» Exercise input:
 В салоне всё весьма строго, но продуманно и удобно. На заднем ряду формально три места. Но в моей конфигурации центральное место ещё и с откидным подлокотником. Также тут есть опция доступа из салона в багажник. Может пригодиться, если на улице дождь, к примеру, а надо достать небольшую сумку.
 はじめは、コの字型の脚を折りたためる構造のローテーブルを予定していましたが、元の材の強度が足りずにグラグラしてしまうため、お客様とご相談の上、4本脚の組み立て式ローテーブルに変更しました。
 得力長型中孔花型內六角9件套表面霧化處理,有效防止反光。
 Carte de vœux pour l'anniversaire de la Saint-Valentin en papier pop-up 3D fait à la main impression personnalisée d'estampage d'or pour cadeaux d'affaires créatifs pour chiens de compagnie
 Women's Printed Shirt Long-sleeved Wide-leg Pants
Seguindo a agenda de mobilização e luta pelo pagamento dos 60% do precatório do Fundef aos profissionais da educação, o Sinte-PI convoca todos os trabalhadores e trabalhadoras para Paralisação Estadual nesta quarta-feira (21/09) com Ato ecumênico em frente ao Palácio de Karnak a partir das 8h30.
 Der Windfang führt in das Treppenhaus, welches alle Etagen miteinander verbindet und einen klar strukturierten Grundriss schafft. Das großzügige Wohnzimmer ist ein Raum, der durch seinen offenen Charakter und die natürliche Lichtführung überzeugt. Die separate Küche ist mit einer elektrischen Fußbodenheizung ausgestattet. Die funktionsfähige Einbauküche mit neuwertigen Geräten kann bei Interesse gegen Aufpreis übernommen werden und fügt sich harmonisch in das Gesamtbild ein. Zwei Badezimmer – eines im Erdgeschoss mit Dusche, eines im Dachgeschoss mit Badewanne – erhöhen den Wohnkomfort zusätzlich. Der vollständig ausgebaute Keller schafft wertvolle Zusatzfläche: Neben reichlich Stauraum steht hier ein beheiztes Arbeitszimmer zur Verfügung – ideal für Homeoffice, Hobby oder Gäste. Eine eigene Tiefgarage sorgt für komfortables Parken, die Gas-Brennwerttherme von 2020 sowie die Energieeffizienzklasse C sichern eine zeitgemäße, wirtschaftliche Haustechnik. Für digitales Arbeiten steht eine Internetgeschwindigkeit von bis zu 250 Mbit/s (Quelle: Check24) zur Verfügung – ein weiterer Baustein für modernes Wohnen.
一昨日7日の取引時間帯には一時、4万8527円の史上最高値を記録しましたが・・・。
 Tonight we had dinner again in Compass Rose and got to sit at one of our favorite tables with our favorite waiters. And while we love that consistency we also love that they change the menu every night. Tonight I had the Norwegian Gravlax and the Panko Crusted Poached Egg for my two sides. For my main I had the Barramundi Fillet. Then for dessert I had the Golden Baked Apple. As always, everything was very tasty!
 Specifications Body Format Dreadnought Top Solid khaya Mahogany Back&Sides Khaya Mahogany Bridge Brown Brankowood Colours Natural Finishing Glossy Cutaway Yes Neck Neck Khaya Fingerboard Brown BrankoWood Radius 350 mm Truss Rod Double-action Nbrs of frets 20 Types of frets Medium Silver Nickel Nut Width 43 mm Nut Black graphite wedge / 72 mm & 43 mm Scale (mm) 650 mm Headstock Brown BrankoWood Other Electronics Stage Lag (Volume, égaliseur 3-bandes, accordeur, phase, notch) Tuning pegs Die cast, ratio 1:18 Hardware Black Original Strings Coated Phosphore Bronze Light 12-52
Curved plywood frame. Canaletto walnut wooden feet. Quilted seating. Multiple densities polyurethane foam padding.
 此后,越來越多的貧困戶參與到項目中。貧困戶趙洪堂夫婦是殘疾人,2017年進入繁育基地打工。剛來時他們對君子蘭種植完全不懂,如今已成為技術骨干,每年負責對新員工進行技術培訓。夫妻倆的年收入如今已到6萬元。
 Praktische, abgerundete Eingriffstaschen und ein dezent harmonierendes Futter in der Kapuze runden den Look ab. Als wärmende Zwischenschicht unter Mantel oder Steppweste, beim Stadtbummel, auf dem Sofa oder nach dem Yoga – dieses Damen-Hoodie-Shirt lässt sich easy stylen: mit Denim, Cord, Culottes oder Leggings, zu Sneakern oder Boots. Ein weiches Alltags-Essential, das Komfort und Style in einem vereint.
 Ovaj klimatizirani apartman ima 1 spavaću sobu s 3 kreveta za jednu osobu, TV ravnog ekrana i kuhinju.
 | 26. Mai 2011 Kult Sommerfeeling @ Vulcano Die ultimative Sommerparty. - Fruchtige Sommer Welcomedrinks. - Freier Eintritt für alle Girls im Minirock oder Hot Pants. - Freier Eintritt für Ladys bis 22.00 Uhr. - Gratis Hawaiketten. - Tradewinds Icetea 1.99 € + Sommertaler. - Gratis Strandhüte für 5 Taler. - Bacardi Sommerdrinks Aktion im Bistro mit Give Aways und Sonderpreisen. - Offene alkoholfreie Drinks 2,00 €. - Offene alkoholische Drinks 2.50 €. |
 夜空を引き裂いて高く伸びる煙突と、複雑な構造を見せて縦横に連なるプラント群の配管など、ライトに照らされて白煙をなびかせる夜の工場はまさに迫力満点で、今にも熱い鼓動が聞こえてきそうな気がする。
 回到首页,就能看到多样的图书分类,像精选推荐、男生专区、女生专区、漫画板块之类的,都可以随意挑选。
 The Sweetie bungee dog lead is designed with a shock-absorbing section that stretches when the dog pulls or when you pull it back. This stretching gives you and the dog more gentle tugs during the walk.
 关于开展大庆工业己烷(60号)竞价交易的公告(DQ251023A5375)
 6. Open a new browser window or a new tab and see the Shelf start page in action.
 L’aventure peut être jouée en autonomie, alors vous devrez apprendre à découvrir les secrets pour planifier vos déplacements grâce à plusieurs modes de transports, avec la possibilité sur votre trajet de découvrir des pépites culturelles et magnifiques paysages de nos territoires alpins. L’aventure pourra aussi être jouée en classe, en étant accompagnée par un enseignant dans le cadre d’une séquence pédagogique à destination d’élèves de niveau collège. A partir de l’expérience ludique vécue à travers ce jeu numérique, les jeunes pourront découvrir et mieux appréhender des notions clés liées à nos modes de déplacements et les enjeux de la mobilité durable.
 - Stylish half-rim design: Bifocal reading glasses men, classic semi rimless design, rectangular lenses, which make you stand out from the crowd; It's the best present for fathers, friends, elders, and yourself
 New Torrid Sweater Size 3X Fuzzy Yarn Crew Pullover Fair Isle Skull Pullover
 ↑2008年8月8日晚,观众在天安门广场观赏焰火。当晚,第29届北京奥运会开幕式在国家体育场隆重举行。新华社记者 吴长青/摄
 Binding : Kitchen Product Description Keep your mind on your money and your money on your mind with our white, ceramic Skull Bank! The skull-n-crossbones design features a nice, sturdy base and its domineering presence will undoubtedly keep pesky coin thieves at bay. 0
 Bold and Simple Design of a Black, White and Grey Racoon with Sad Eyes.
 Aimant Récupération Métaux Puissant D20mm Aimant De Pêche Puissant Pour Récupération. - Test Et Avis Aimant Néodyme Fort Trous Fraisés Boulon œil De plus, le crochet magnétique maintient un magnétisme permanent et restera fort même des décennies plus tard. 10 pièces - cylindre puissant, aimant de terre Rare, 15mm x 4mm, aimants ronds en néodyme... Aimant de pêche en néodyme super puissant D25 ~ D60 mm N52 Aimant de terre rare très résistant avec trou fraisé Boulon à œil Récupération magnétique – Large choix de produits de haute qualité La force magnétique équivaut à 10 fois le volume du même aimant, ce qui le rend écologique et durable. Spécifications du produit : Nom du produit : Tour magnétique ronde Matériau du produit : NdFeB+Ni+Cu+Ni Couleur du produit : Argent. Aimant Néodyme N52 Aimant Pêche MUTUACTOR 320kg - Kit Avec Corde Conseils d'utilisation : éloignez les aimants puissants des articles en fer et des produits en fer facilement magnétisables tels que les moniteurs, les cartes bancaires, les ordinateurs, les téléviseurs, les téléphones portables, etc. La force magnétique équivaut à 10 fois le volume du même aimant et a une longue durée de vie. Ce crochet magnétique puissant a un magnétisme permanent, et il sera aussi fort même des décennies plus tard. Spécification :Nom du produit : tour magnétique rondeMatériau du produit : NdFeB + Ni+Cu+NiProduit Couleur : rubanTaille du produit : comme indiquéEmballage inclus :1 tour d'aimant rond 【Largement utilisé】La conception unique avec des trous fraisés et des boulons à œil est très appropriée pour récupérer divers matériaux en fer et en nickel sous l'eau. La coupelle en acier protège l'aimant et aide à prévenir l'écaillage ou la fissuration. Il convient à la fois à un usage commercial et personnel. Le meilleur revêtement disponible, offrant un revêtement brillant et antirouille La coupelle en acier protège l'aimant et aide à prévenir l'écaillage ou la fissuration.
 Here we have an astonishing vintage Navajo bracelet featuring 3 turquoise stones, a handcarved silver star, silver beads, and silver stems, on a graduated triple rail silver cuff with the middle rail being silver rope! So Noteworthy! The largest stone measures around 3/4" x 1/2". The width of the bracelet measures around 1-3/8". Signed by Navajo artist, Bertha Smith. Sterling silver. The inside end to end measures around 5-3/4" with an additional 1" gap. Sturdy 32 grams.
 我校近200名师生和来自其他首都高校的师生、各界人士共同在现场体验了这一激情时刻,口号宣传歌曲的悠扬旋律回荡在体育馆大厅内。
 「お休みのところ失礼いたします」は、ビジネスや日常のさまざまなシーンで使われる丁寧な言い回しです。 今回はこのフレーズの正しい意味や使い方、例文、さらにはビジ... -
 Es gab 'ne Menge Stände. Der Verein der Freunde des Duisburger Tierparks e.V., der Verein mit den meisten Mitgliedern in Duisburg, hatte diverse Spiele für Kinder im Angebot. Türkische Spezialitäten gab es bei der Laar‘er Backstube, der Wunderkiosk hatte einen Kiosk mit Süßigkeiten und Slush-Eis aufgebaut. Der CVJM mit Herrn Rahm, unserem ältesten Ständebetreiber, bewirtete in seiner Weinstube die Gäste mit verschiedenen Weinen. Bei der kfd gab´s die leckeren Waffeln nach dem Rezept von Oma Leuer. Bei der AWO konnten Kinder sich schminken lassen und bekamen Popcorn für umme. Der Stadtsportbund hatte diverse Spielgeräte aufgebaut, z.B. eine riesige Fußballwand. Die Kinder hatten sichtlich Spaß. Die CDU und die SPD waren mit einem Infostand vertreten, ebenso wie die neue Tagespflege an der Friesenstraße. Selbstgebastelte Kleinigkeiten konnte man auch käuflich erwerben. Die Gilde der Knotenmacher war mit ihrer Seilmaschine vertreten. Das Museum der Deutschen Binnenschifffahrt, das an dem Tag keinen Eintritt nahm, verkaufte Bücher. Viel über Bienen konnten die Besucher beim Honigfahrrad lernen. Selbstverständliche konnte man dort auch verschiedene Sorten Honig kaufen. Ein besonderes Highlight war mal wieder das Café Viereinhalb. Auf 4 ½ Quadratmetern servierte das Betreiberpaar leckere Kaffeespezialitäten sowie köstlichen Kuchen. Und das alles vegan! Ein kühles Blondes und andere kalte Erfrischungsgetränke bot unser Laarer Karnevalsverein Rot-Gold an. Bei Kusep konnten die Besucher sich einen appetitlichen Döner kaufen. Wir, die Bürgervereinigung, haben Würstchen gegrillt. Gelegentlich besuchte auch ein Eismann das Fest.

» Work order: Repeat, exactly and only, the lines from the beginning of the material through the line that contains "Carte de vœux".

» Answer box:
 В салоне всё весьма строго, но продуманно и удобно. На заднем ряду формально три места. Но в моей конфигурации центральное место ещё и с откидным подлокотником. Также тут есть опция доступа из салона в багажник. Может пригодиться, если на улице дождь, к примеру, а надо достать небольшую сумку.
 はじめは、コの字型の脚を折りたためる構造のローテーブルを予定していましたが、元の材の強度が足りずにグラグラしてしまうため、お客様とご相談の上、4本脚の組み立て式ローテーブルに変更しました。
 得力長型中孔花型內六角9件套表面霧化處理,有效防止反光。
 Carte de vœux pour l'anniversaire de la Saint-Valentin en papier pop-up 3D fait à la main impression personnalisée d'estampage d'or pour cadeaux d'affaires créatifs pour chiens de compagnie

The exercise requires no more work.